I admire your hard work.  I know what it feels like and getting in 8 straight days is an accomplishment and shows how dedicated you are! 

Take care,

p.e.  

Thanks P.E.!! for your encouragement!!

I've heard it said in one of the rooms that life is 99% showing up...I'm amazed, surprised and thankful. I do feel "energy" in the flow and I hope it continues!!

♥"Kindness and truth have met, righteousness and peace have kissed." Psalm 85♥

K

I got some filing off my desk and finished with a co-worker. I need to turn over what's on my head for this evening:

-need to do shopping which I should have done yesterday.
-didn't go to the pharmacy, which I should have also done yesterday.

I think I will do little shopping today...go to fruit store, and other specialty stores.

Have lots of anxiety & excitement in my head, which is 10 times better than depression!!

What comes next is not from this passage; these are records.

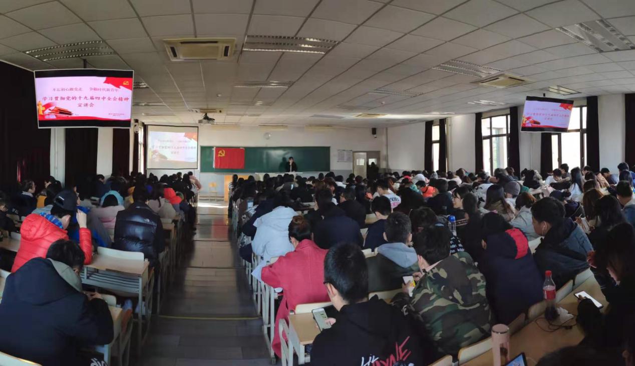 为深入推进“不忘初心,牢记使命”主题教育,学习贯彻党的十九届四中全会会议精神,激发学生党员践行初心和担当使命,更加深入了解中国特色社会主义制度和国家治理体系,2019年12月25日下午,努努影视 在教1-404举办学习贯彻党的十九届四中全会精神宣讲会,全体学生党员、入党积极分子参加。
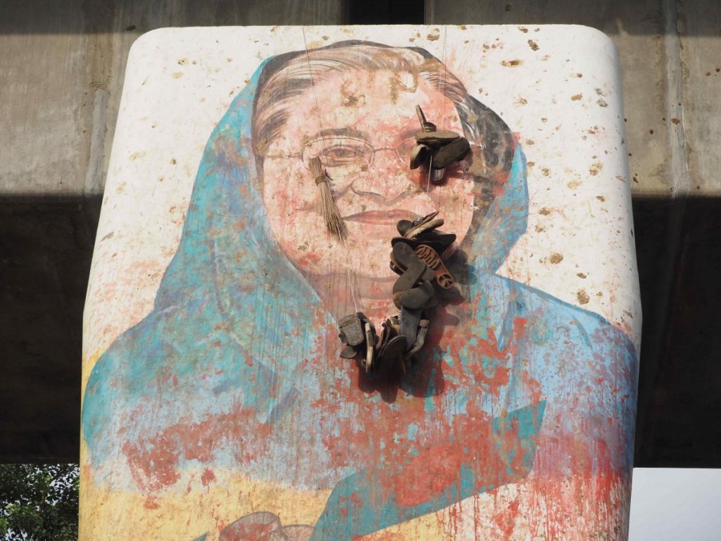 Hasina's portrait been vandalised. Shoes and brooms hang.
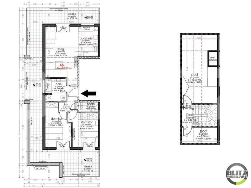 Etaj 4: living si bucatarie open space, 2 dormitoare, 2 bai, hol si 1 terasa cu o suprafata de 57 mp.
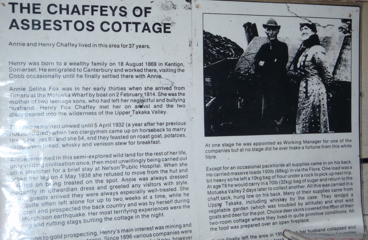 Chaffey spent many years mining and trying to encourage commercial interest in the local asbestos deposits as well as searching for other minerals. Henry was in regular contact with the outside world through his mining ventures and trips out to Motueka and Takaka for supplies. Annie however remained a recluse leaving the hut only once for an urgent operation at Nelson Hospital. She always dressed in Edwardian-style clothing for visitors who were required to signal their approach with a loud “cooee!”
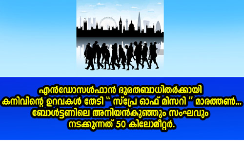 ദുരിതത്തിന്റെ തീരാക്കയങ്ങളില് വീണ് ജീവിതം നരകതുല്യമായി തള്ളി നീക്കുന്ന കാസര്കോട്ടെ എന്ഡോസള്ഫാന് ബാധിതരെ സഹായിക്കുവാനായി യുകെയിലെ ഒരു കൂട്ടം മനുഷ്യസ്നേഹികള് മുന്നോട്ട് വരികയാണ്. കാസര്കോട്ടെ കൃഷിയിടങ്ങളില് യാതൊരു നിയന്ത്രണവുമില്ലാതെ ഉപയോഗിച്ച എന്ഡോസള്ഫാന് എന്ന മാരക കീടനാശിനി സൃഷ്ടിച്ച അതീവ ഗുരുതരമായ ആരോഗ്യ പ്രശ്നങ്ങള്ക്കും പാരിസ്ഥിതിക പ്രശ്നങ്ങള്ക്കും ഇരയായവര് ഏറെയാണ്. അംഗവൈകല്യങ്ങളോടെ പിറന്ന് വീണ കുഞ്ഞുങ്ങള്, ഗുരുതരമായ ക്യാന്സര് രോഗബാധിതര്, ശ്വാസകോശ രോഗങ്ങള് ബാധിച്ചവര് എന്നിങ്ങനെ നൂറുകണക്കിനാളുകള് തീരാ ദുരിതത്തില് ജീവിക്കുകയാണ്. ഇവര്ക്കൊരു ചെറിയ സഹായമെങ്കിലും എത്തിക്കുവാനുള്ള ഒരു കൂട്ടം മനുഷ്യസ്നേഹികളുടെ മനസ്സിലുദിച്ച ആശയമാണ് 'സ്പ്രേ ഓഫ് മിസറി' എന്ന് പേരിട്ടിരിക്കുന്ന 50 കിലോമീറ്റര് (32 മൈല്) മാരത്തണ് നടത്തം. ബ്ളാക്ക്ബേണിനടുത്ത് ക്ളെയ്റ്റണ് ലെ മൂര്സില് നിന്നും വിഗണ് പിയര് (ലീഡ്സ് ലിവര്പൂള് കനാല്) വരെയുള്ള 50 കിലോമീറ്റര് മാരത്തണിലൂടെ ഇവര് ശേഖരിക്കുന്ന പണം എന്ഡോസള്ഫാന് ദുരിതബാധിതര്ക്ക് ഒരു ചെറിയ സഹായമാകും എന്ന പ്രതീക്ഷയിലാണ് ഈ മനുഷ്യസ്നേഹികള്.
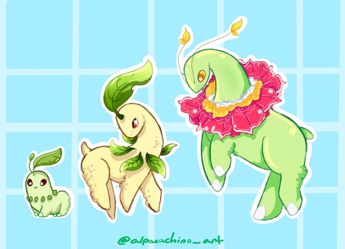 Finally finished Chikorita's evolution line! Gud plant bois 🪴 #art #pokemon #pokemonart #meganium #chikorita
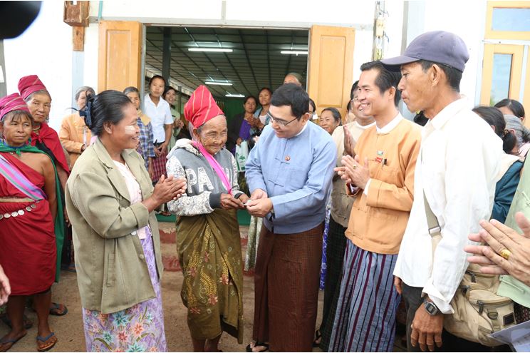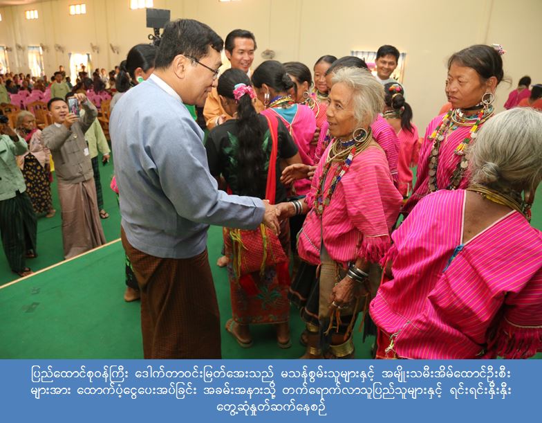 ဆက်လက်၍ ပြည်ထောင်စုဝန်ကြီးနှင့်အဖွဲ့သည် ကယားပြည်နယ်၊ ဒီးမော့ဆိုမြို့နယ်တွင် ကျင်းပပြုလုပ်သည့် ပြန်လည်ထူထောင်ရေးနှင့် ဖွံ့ဖြိုးတိုးတက်ရေးလုပ်ငန်းများကို ရည်ရွယ် ဆောင်ရွက် သည့် မသန်စွမ်းသူများနှင့် အမျိုးသမီးအိမ်ထောင်ဦးစီးများအား ထောက်ပံ့ငွေပေးအပ်ခြင်း အခမ်းအနားသို့ တက်ရောက်၍ ပြည်ထောင်စုဝန်ကြီးက ယခုအစိုးသစ်လက်ထက်၌ တိုင်းရင်းသားအရေးနှင့် ပြည်တွင်း ငြိမ်းချမ်းရေးကို ဦးစားပေးဆောင်ရွက်လျက်ရှိရာ ပြည်နယ်များဖွံ့ဖြိုးတိုးတက်ရေးကို အလေးထား ဆောင်ရွက်လျက်ရှိပါကြောင်း၊ ထိုသို့ ဆောင်ရွက်ရာတွင် ငြိမ်းချမ်းရေးကြိုးပမ်းမှုသည် အရေးပါကြောင်း၊ ငြိမ်းချမ်းရေးကို ဖေါ်ဆောင်ရာတွင် ပြည်သူ့အင်အားသည် အဓိကကျပါကြောင်း၊ ငြိမ်းချမ်းရေးရရှိပါက ယခုလက်ရှိဖွံ့ဖြိုးတိုးတက်မှုဆောင်ရွက်ခြင်းထက် အဆပေါင်းများစွာ ဆောင်ရွက်ပေးနိုင်မည် ဖြစ်ပါ ကြောင်း၊ ငြိမ်းချမ်းရေးမတည်ဆောက်နိုင်စဉ်ကာလအတွင်း ပဋိပက္ခမြောက်မြားစွာကြောင့် ပြည်သူလူထု ထိခိုက်မှုဖြစ်စဉ်များ ကြုံတွေ့ခဲ့ရပါကြောင်း၊ ထိုဖြစ်စဉ်များတွင် မိုင်းကြောင့် မသန်စွမ်းဖြစ်ခဲ့ရသည့် အခြေအနေများရှိခဲ့ပါကြောင်း၊ မသန်စွမ်းများသည် မသန်သော်လည်း စွမ်းနေကြသူများ ဖြစ်သည့် အတွက် ၄င်းတို့၏အစွမ်းကို ပံ့ပိုးကူညီပေးပါက ဘဝရပ်တည်မှုနှင့် ဖွံ့ဖြိုးတိုးတက်မှုအတွက် ပိုမိုစွမ်းဆောင် လာနိုင်မည်ဖြစ်ကြောင်း၊ မြန်မာနိုင်ငံတွင် အမျိုးသမီး များသည် အရေးပါသောကဏ္ဍမှ ပါ၀င်လျက်ရှိပြီး အမျိုးသမီးများက ဦးဆောင်နေရသည့် အိမ်ထောင်စုများတွင် အခက်အခဲများစွာရင်ဆိုင်နေရသဖြင့် ပံ့ပိုးမှုပြုရန်လိုအပ်ပါကြောင်း ပြောကြားခဲ့ပါသည်။ ထို့နောက် ဒီးမော့ဆိုမြို့နယ်တွင် မသန်စွမ်းသူ များအတွက် ထောက်ပံ့ကြေးငွေ (၂၄၅)သိန်းနှင့် အမျိုးသမီးအိမ်ထောင်ဦးစီးများအတွက် ထောက်ပံ့ကြေး ငွေ(၁၆၈)သိန်းတို့အား ပေးအပ်ထောက်ပံ့ခဲ့ပြီး ဒေသခံတိုင်းရင်းသူတစ်ဦးမှ ကျေးဇူးတင်စကား ပြန်လည်ပြောကြားခဲ့ပါသည်။ ပြည်ထောင်စုဝန်ကြီးက အခမ်းအနားတက်ရောက်လာကြသော ပြည်သူများနှင့် ရင်းရင်းနှီးနှီးတွေ့ဆုံနှုတ်ဆက်ကာ မှတ်တမ်းတင်ဓါတ်ပုံရိုက်ကူးခဲ့ကြပါသည်။
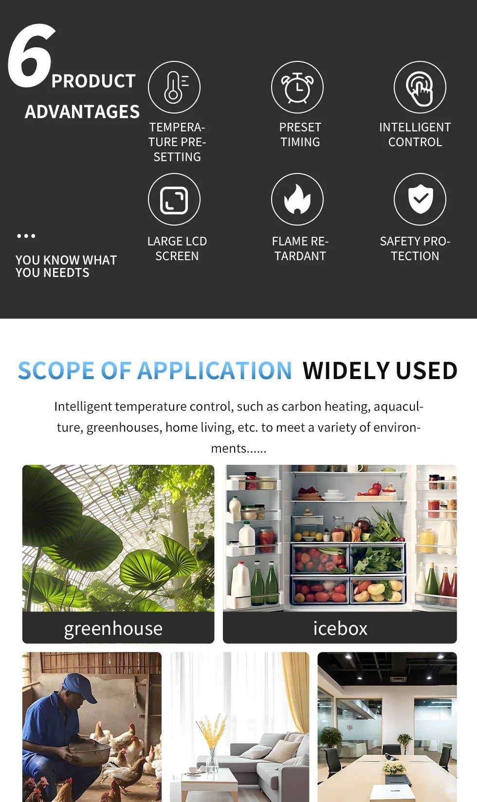 Digital temperature controller with high-precision touch screen and timer switch offers accurate temperature display from -40℃ to 120℃, ±1% accuracy, low power use, and supports heating and cooling control for indoor applications like aquariums and refrigerators.
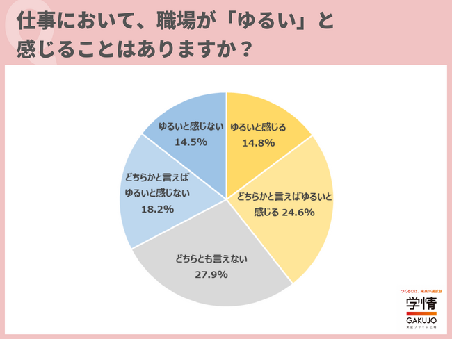 株式会社学情(本社:東京都千代田区)は、20代の仕事観や働く意識をひも解くために、アンケート調査を実施しました。今回は、「ゆるい職場」に関して調査。職場が「ゆるい」と感じることがあるとした20代が4割に迫りました。「ルーティーン業務ばかりで、なかなか成長できない」「数字へのコミットを重視されておらず、成果を上げても、上げなくても評価が変わらない」「上司から指導されることがない」といった声が寄せられています。職場が「ゆるい」と感じる点は、「上司からの指導がない」が最多。次いで、「雑用が多い」、「責任ある仕事を任されない」が続きました。
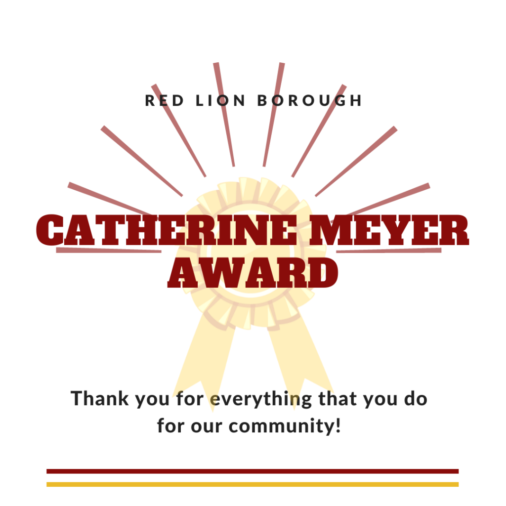 The Catherine Meyer Award is given to one person each year at the Red Lion Borough Appreciation Night in November.
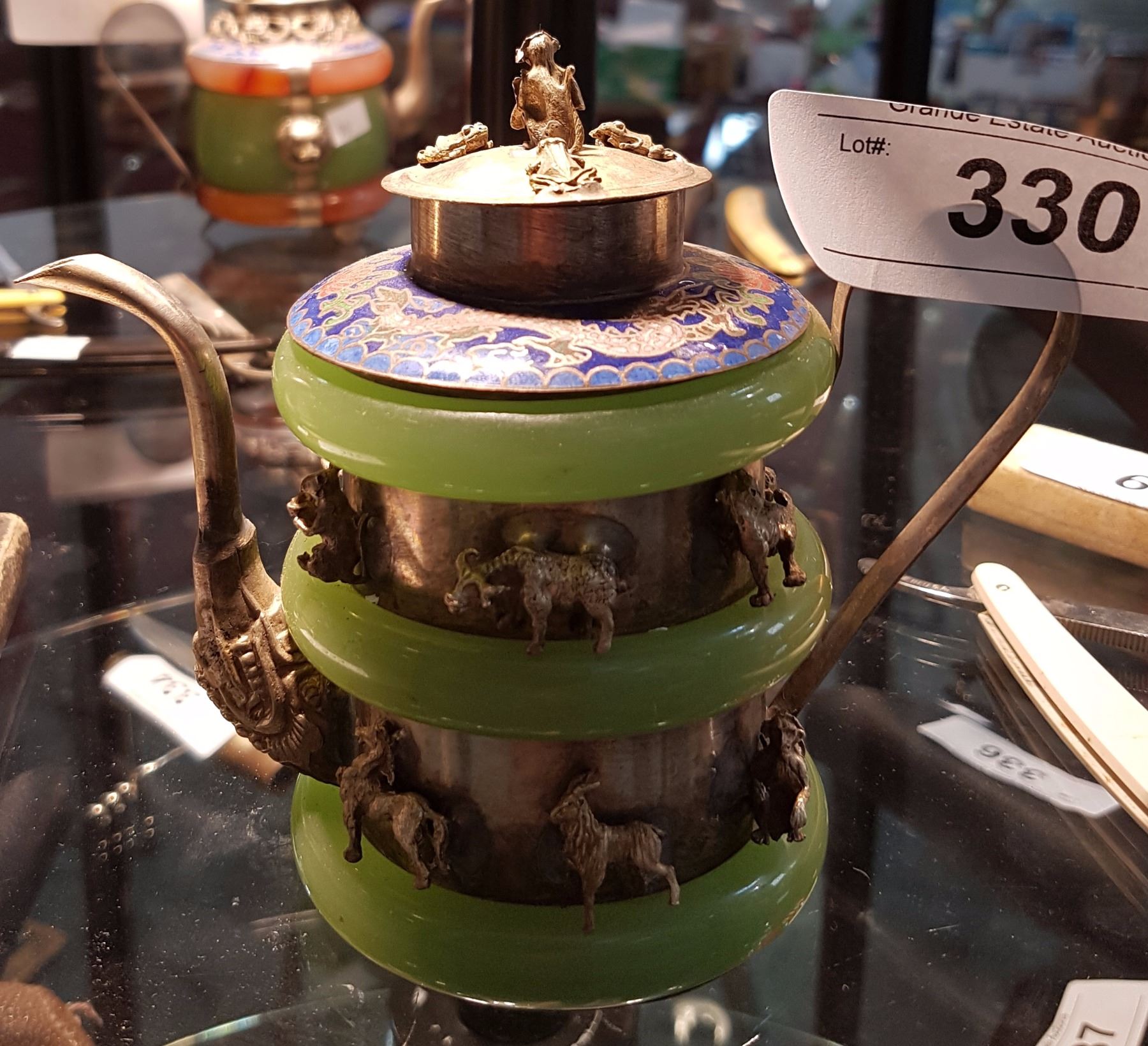 ASIAN CLOISONNE & STONE FIGURAL TEAPOT
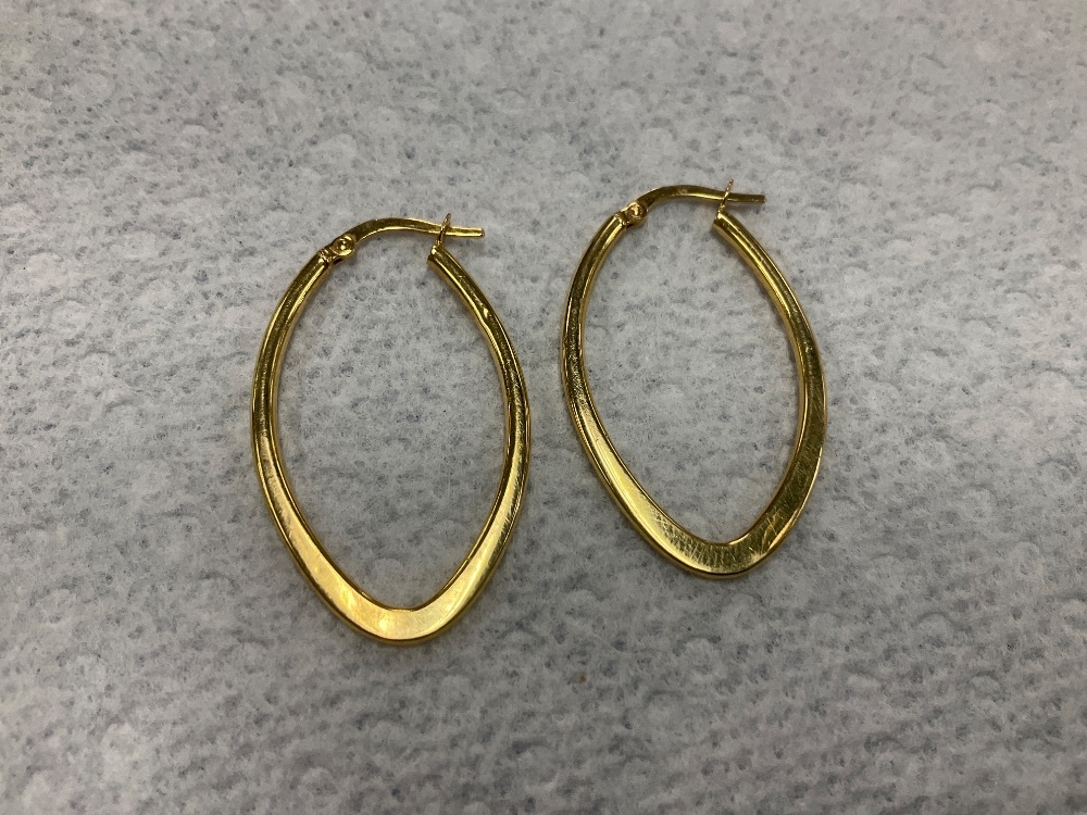 14K Yellow Gold Oval Hoop Earrings 1.6gr
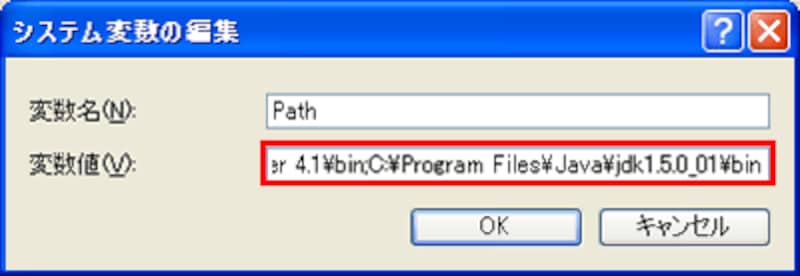 もし、Javaのプログラムがうまく動かず、環境変数を調べてみたら既にclasspathという名前の変数があった、というような場合は、このclasspathの値にJavaが必要とするフォルダのパスを追加してやる必要があります。先に示した手順でシステムコントロールパネルを開き、変数classpathの編集ウインドウを呼び出して、現在の値の後に以下のように追記をします。
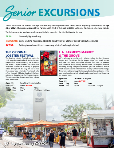 55 or older. All excursions depart from Parking Lot A (Park N’ Ride Lot) at 20983 La Puente Rd. (unless otherwise noted).
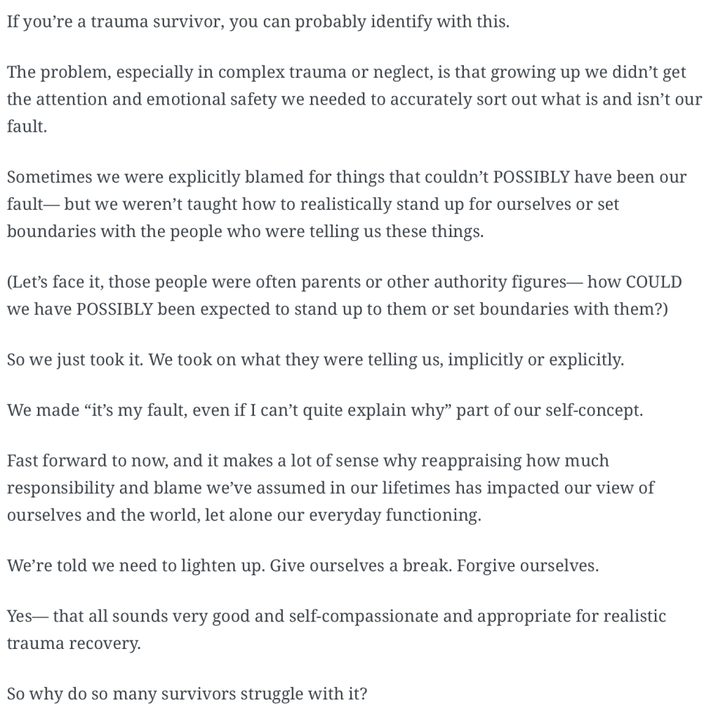 Self love is risky because i grew up with an understanding of responsibility and fault. I believed I was to blame, and I took on responsibility, because I was projected on as being spoilt, selfish, too clever, messy, not there enough for that person, not fulfilling her needs, not able to ‘fix’ the family.
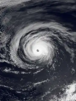 However, a well-defined eye reappeared on satellite imagery in the system and Kevin re-intensified to a low-end Category 3 hurricane with maximum winds of 115 mph (185 km/h) and a minimum pressure of 960 mbar (28 inHg) on October 7. But this was short-lived and on October 8 the hurricane began to weaken again and on October 9 it had entered into the Central Pacific basin as a waning Category 1 hurricane.[37] After this crossing, it was subsequently downgraded to storm strength the same day and on October 11, to a depression. It dissipated as a tropical cyclone that same day. The remnant circulation did persist a while longer as it slowly drifted north to finally lose its identity late on October 14.[19] Despite its long life, Hurricane Kevin caused no damage or casualties.[37] Because Kevin passed north of Hawaii, its only effect on land was increased trade winds.[19]
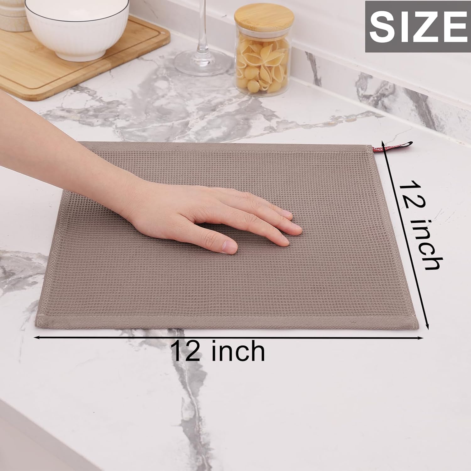 Homaxy 100% Cotton Waffle Weave Dish Cloths - 12 Pack Soft and Absorbent Dish Towels - 12 x 12 Inches Quick Dry Dish Rags - Brown

Now I will do some different filing.
I have a project I have to get done today, & it's not hard but I just feel sabotage coming on.

HELP!!

♥"Kindness and truth have met, righteousness and peace have kissed." Psalm 85♥

Serenity Prayer for Hope

The Serenity Prayer goes like this --
God grant me the serenity to accept the things I cannot change;
courage to change the things I can; and wisdom to know the difference.
Living one day at a time;
Enjoying one moment at a time;
Accepting hardships as the pathway to peace;

Serenity Prayer: What does it mean?
This beautiful prayer was written by a man named Reinhold Niebuhr in 1943. The words have special meaning to those who are often “looking for peace” at a time of turmoil, despair, or uncertainty in their lives. This prayer has become closely associated with 12 Step programs, offering strength and calm in pursuit of a more stable life.

My sponsor says "You just have to accept it, you don't have to like it".

e's Friday check in

I am a bit anxious this morning, so I am going to start off by saying the serenity prayer so I can try to Let Go and Let God do for me what I cannot do for myself. Today is also the anniversary of a sad day and so I want to spend some time in prayer and meditation.

So far: woke up early, took my morning meds, took a walk with my mom, ate breakfast, started sorting through paperwork. I think that I will post my to do list a little at a time today, as I want to be able to focus on one thing at a time. I also am feeling sleepy, so I want to ask for help staying on track today.

Mass Health paperwork: currently working on this MIT

asking for help to do the next right thing

Hi e

Hugs and prayers are with you today.

♥"Kindness and truth have met, righteousness and peace have kissed." Psalm 85♥

hope4meandu

Thanks: it has not been a very productive day because my tasks are bureaucratic, so it was great to come back to some support.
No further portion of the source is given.